= Town Topics (magazine) =

Defunct New York publication

Town Topics: The Journal of Society was a magazine published in New York City by William d'Alton Mann and others from 1879 to 1937 (v. 1-105, no. 56). Title varies: Andrew's American Queen; Art, Music, Literature and Society (Jan. 1879-Sept. 16, 1882); and American Queen (Sept. 23, 1882-Feb. 21, 1885)

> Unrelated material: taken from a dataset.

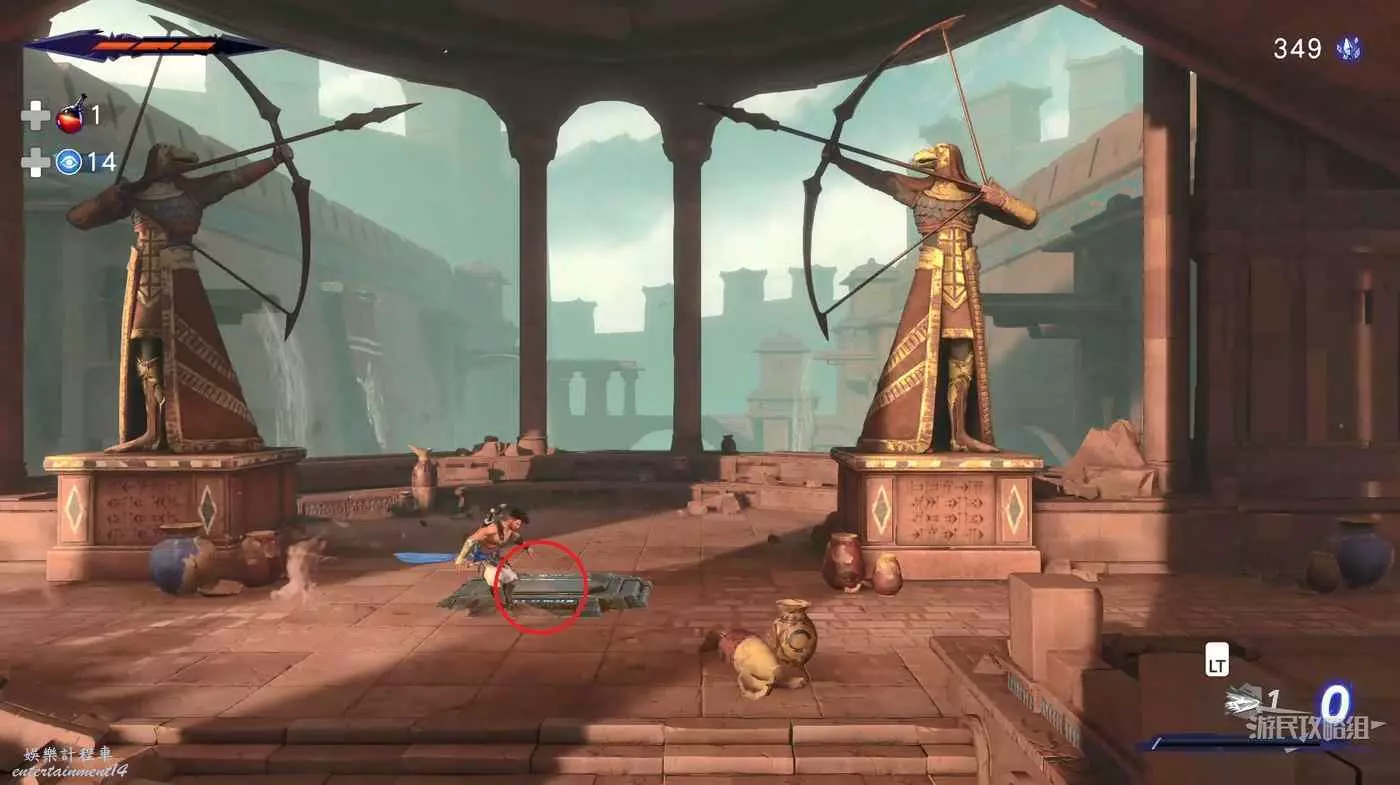 從此處我們得知了阿納希塔要帶王子前往西摩格之門,而想要追上他們需要攻擊上方的光球,此時涅伊特來到此處讓我們前往森林尋找射箭的美諾拉俄斯。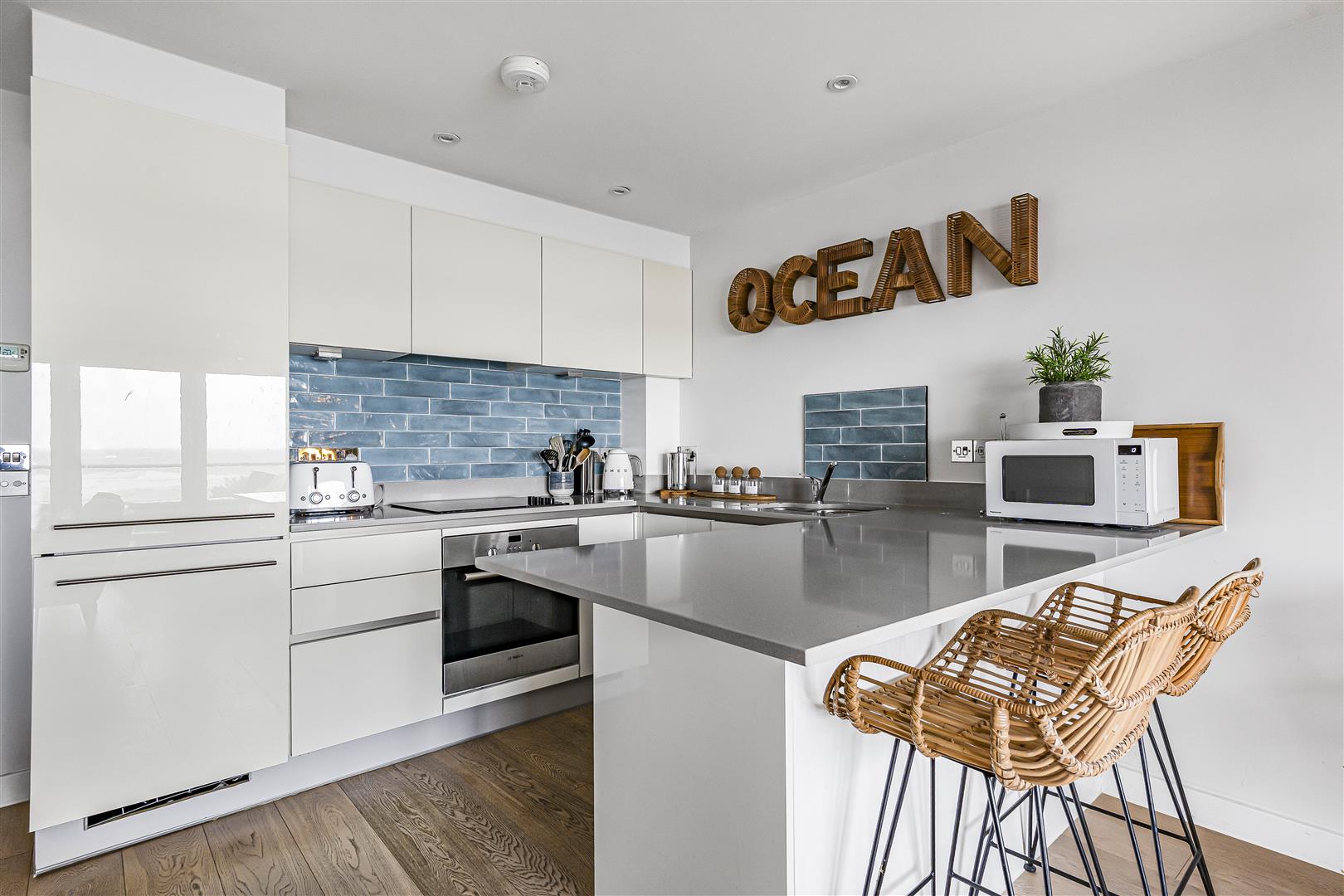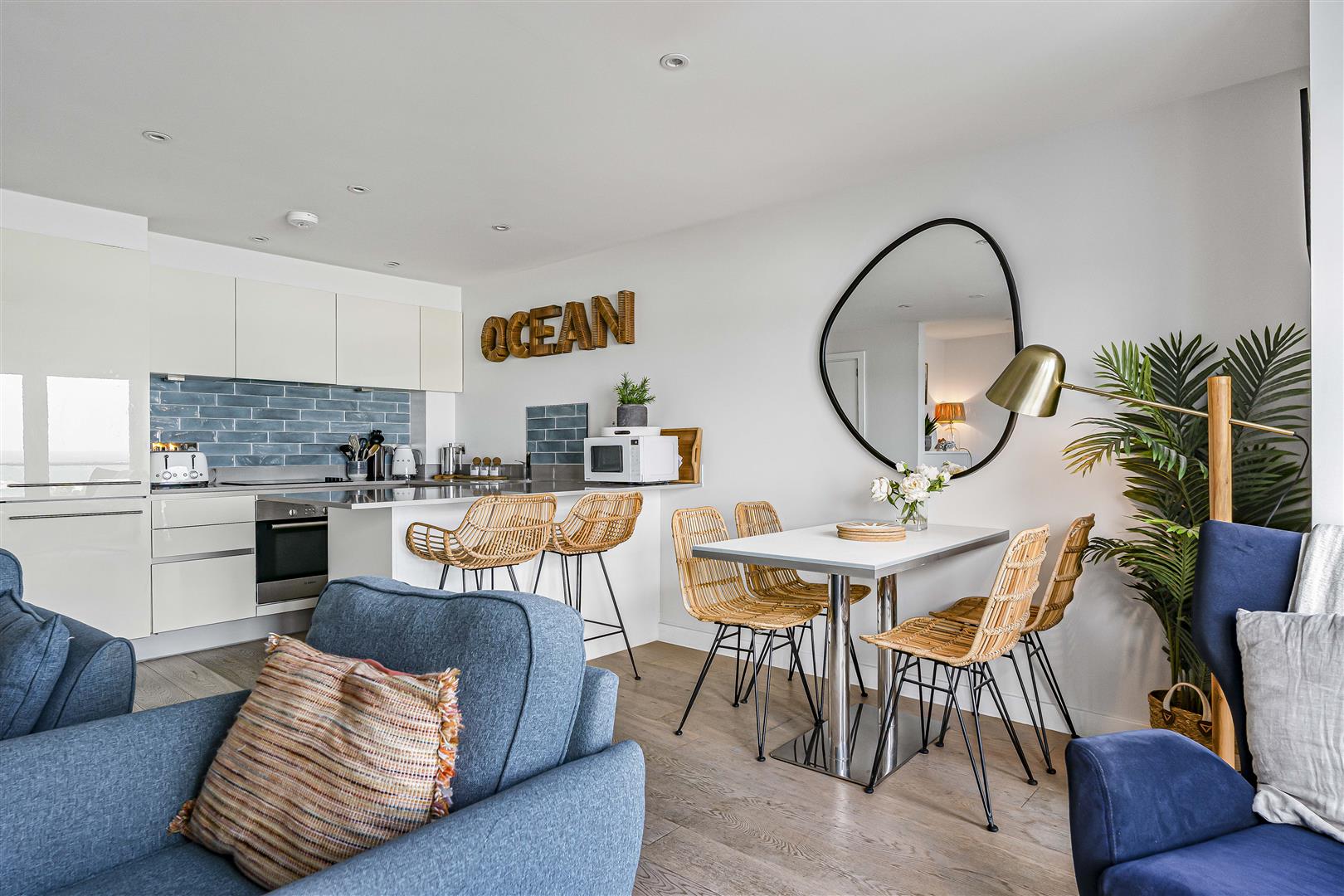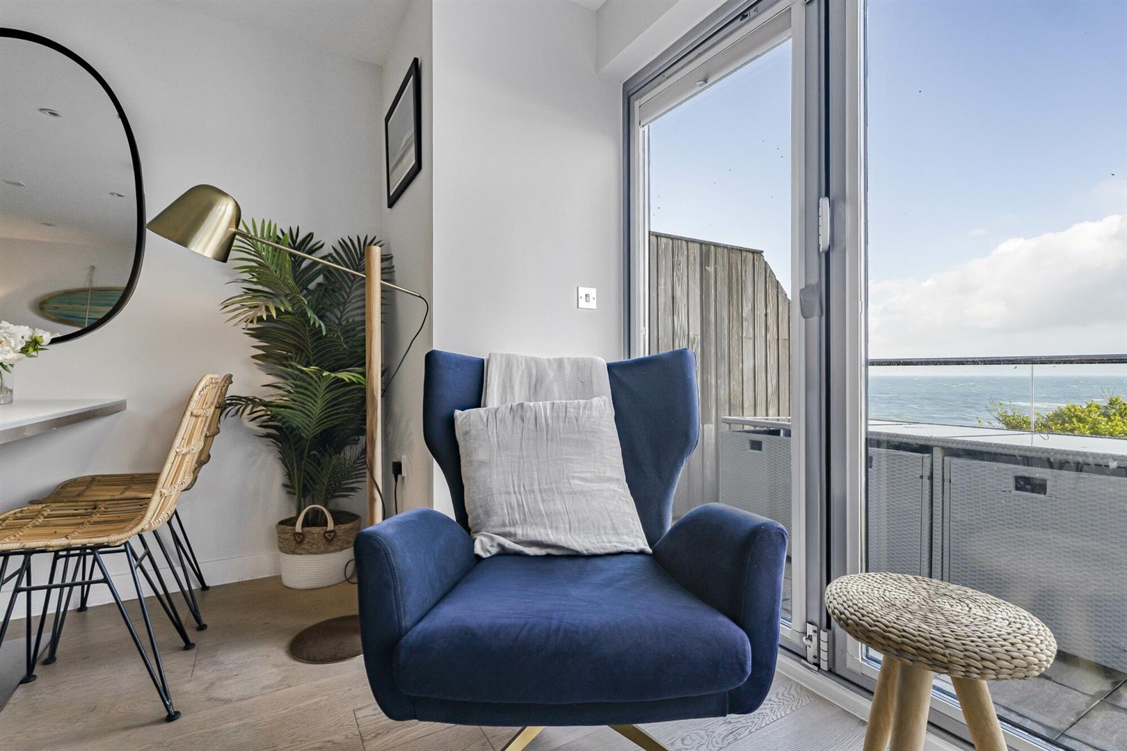 The accommodation centres around a bright and spacious open-plan living area, designed to maximise the stunning coastal outlook. Sliding doors lead directly onto the private balcony to enjoy an undoubtedly impressive vantage point to relax, dine and watch the waves roll in at the world-famous Fistral Beach. The contemporary kitchen features sleek high-gloss white units, a range of integrated appliances complimented by quartz stone worktops and completed by a stylish breakfast bar.

The magazine had begun life some years earlier as The American Queen, edited by Louis Keller, the founder of the Social Register, and "dedicated to art, music, literature, and society." Under Mann, however, it ripened into a scandal sheet, faithfully reporting high-society peccadilloes and often identifying perpetrators by name.
It was possible for the wealthy public figures to delay or bury a story by buying some advertising in the newspaper.
The main method it used was to print an innocuous article with the name of the individual on which it had a piece of hot gossip. On the other side of the page would be a blind piece going into the scandal without the name of the person involved. By running the article giving identification and the scandal separately it was possible for Mann to avoid liability for extortion, libel and slander.

The publication was responsible for the divorce of Emily Post from her husband, Edwin in 1906, when the magazine's most popular feature, titled “Saunterings," exposed Mr. Post's affair with another woman.